**What to do:** Output the listing below verbatim, without images.

**Records provided:**
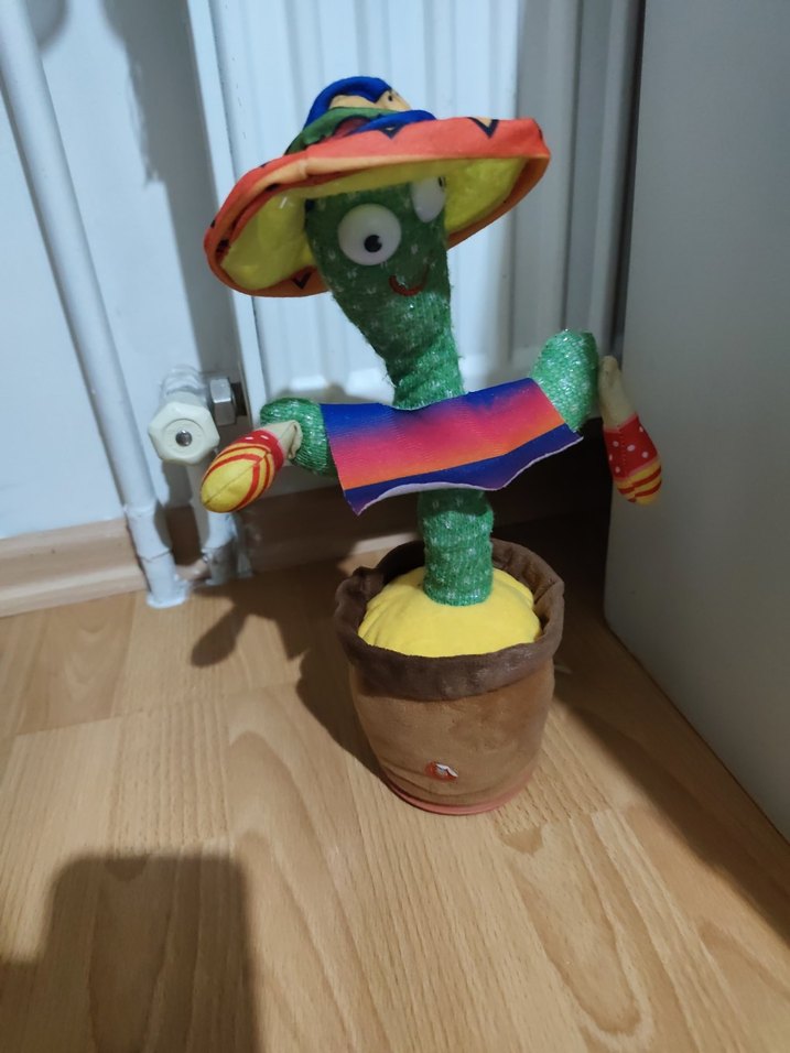 Renkli şapkalı ve marakaslı müzik çalan kaktüs oyuncak, odanıza eğlence katar. çalışmıyor fazla elektrik geldiğinden dolayı yandı peluş oyuncak olarak satılık
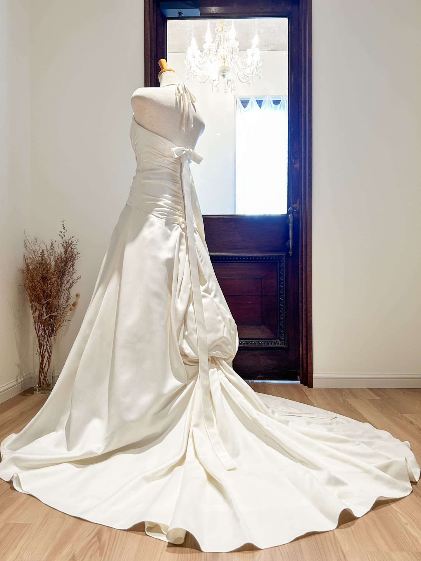スカートには斜めの切り替えを活かした立体的なドレープを施し、どの角度から見ても動きのある美しさを演出。ミニマルな印象ながらも、計算されたデザインと上質素材の組み合わせによって、上品で華やかな存在感が際立ちます。
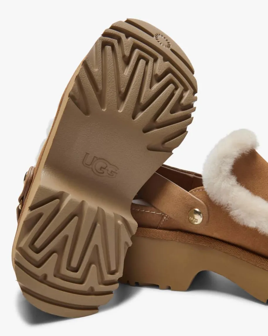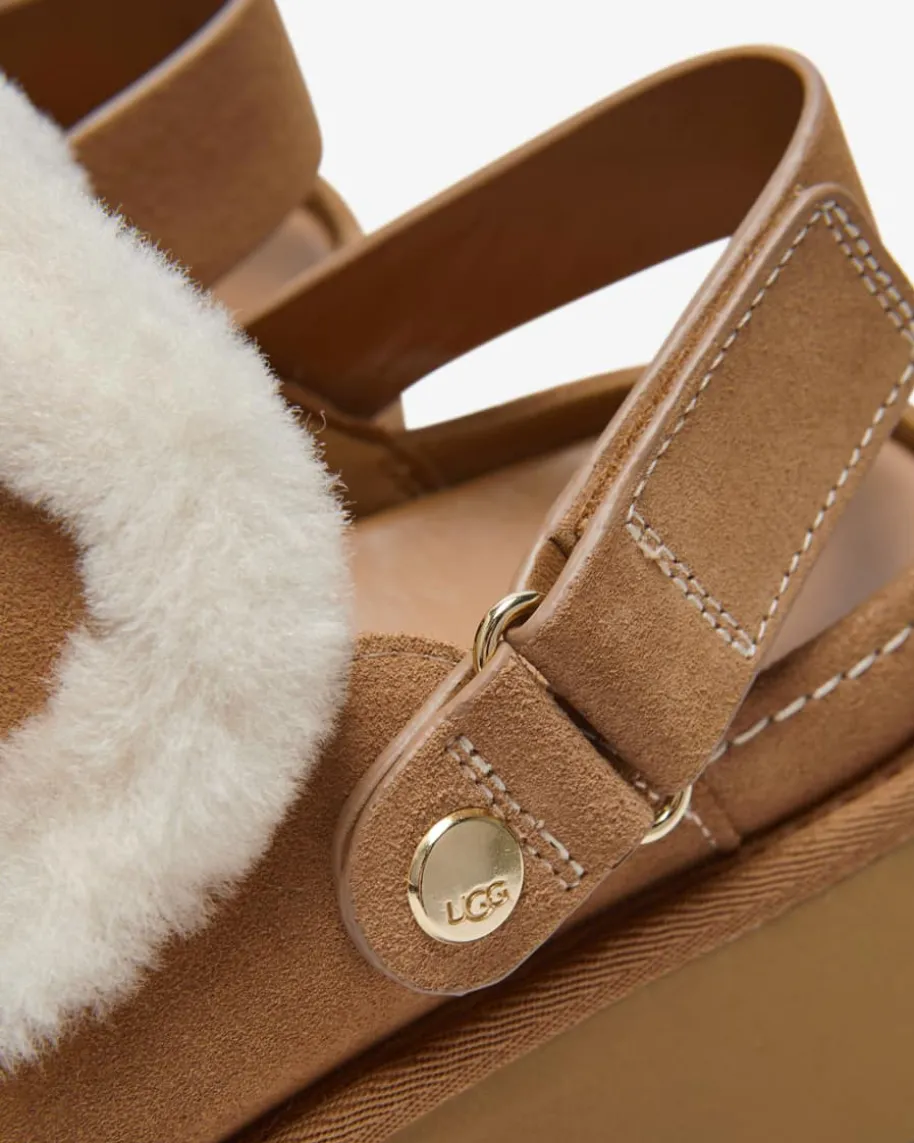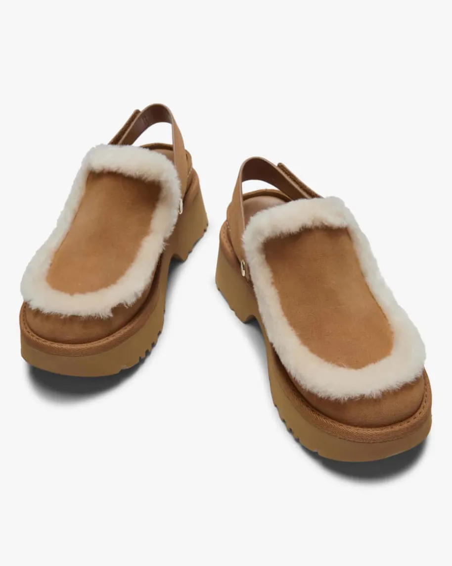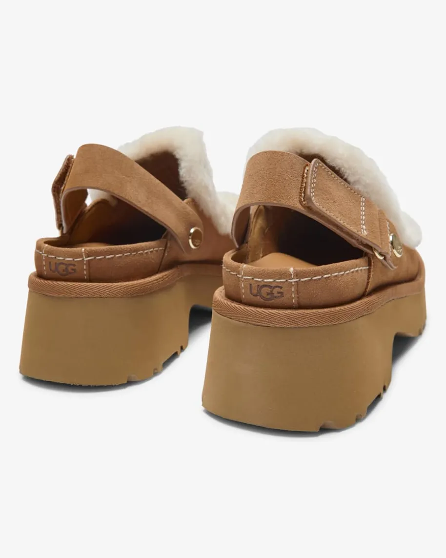 Esme Pantoletten für Damen von Ugg in Hellbraun. Das Modell besticht dank derhochwertigen Suede-Qualität sowie Details aus Lammfell in modischer Aufmachung,während der Plateau-Absatz ein feminines Gesamtbild kreiert.
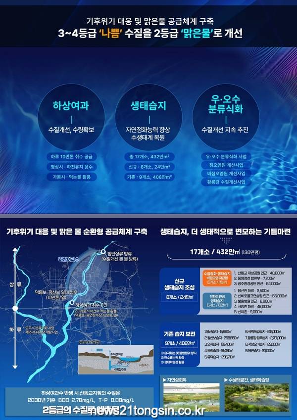 ▲ 광주의 3멍 명소, 낭만과 힐링의 섬, 승촌광주시는 2030년까지 영산강에 2등급의 맑은 물이 흐르도록 하상여과공법으로 하루 10만톤의 맑은 물을 취수해 가뭄 등 위기 때에는 먹는물로 활용하고, 평상시에는 영산강 유지용수로 사용하는 1석2조의 순환형 공급체계 구축할 계획이다. 또 영산강 오염원을 저감하는 신규 습지 8곳, 기존 습지 9곳을 보강해 하천 고유의 자정기능 강화하고, 하수도 정비기본계획에 따라 추진 중인 하수관로 분류식화(오수와 우수 분리) 사업, 점오염 개선사업, 비점오염 개선사업, 황룡강 수질개선사업을 지속 추진한다.
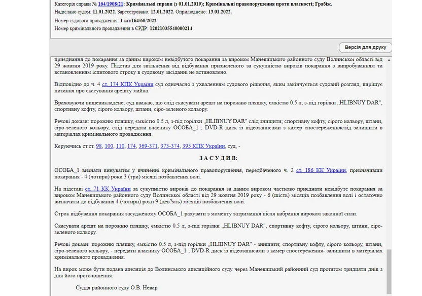 Приговор вынес Маневичский районный суд Волынской области, он опубликован в ЕРДР.
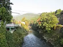 Kibishima river (Japanese:亀尾島川) is a first-class river in the Kiso river system located in central Japan. It flows through Gujo City in Gifu Prefecture. The river originates in the Koshimi Mountains (altitude 1,148m) on the border between Gifu and Fukui Prefecture, flows southeast into Hachiman-cho, Gujo City, joins the Nabi River from the right bank, and then changes its flow to the east-southeast. The catchment area is 120.4 km2 and has a river length of 24.1 km up to the Nagara River. [1]
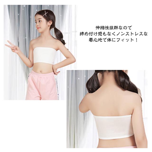【2点セット】チューブトップ キッズ ダンス インナー カップ付き 無地 ダンス衣装 ベアトップ ブラトップ 子供服 ブラック ジュニア 伸縮素材 ハーフトップ ホワイト こども ファーストブラ スポーツブラ 女の子 下着 S M L
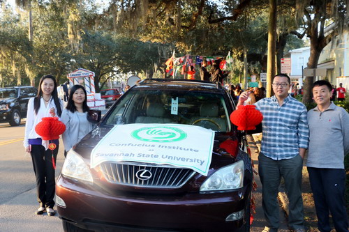 孔子学院教师们为这次游行做了充分的准备,在孔子学院游行花车的前面最醒目处布置了萨凡纳州立大学孔子学院的徽标,同时,为了向社区民众展示中华文化的魅力,老师们在车前方两侧挂上了大红灯笼,在车的尾部两侧挂上了鞭炮装饰品,使得孔子学院的花车在游行队伍里面非常引人注目,中国元素的点缀将整个游行队伍的气氛烘托得更加喜庆祥和。在游行活动中不时有当地民众用中文“你好!”向孔子学院教师们打招呼。

**Output for this exercise:**
 Renkli şapkalı ve marakaslı müzik çalan kaktüs oyuncak, odanıza eğlence katar. çalışmıyor fazla elektrik geldiğinden dolayı yandı peluş oyuncak olarak satılık
スカートには斜めの切り替えを活かした立体的なドレープを施し、どの角度から見ても動きのある美しさを演出。ミニマルな印象ながらも、計算されたデザインと上質素材の組み合わせによって、上品で華やかな存在感が際立ちます。
 Esme Pantoletten für Damen von Ugg in Hellbraun. Das Modell besticht dank derhochwertigen Suede-Qualität sowie Details aus Lammfell in modischer Aufmachung,während der Plateau-Absatz ein feminines Gesamtbild kreiert.
 ▲ 광주의 3멍 명소, 낭만과 힐링의 섬, 승촌광주시는 2030년까지 영산강에 2등급의 맑은 물이 흐르도록 하상여과공법으로 하루 10만톤의 맑은 물을 취수해 가뭄 등 위기 때에는 먹는물로 활용하고, 평상시에는 영산강 유지용수로 사용하는 1석2조의 순환형 공급체계 구축할 계획이다. 또 영산강 오염원을 저감하는 신규 습지 8곳, 기존 습지 9곳을 보강해 하천 고유의 자정기능 강화하고, 하수도 정비기본계획에 따라 추진 중인 하수관로 분류식화(오수와 우수 분리) 사업, 점오염 개선사업, 비점오염 개선사업, 황룡강 수질개선사업을 지속 추진한다.
 Приговор вынес Маневичский районный суд Волынской области, он опубликован в ЕРДР.
 Kibishima river (Japanese:亀尾島川) is a first-class river in the Kiso river system located in central Japan. It flows through Gujo City in Gifu Prefecture. The river originates in the Koshimi Mountains (altitude 1,148m) on the border between Gifu and Fukui Prefecture, flows southeast into Hachiman-cho, Gujo City, joins the Nabi River from the right bank, and then changes its flow to the east-southeast. The catchment area is 120.4 km2 and has a river length of 24.1 km up to the Nagara River. [1]
【2点セット】チューブトップ キッズ ダンス インナー カップ付き 無地 ダンス衣装 ベアトップ ブラトップ 子供服 ブラック ジュニア 伸縮素材 ハーフトップ ホワイト こども ファーストブラ スポーツブラ 女の子 下着 S M L
 孔子学院教师们为这次游行做了充分的准备,在孔子学院游行花车的前面最醒目处布置了萨凡纳州立大学孔子学院的徽标,同时,为了向社区民众展示中华文化的魅力,老师们在车前方两侧挂上了大红灯笼,在车的尾部两侧挂上了鞭炮装饰品,使得孔子学院的花车在游行队伍里面非常引人注目,中国元素的点缀将整个游行队伍的气氛烘托得更加喜庆祥和。在游行活动中不时有当地民众用中文“你好!”向孔子学院教师们打招呼。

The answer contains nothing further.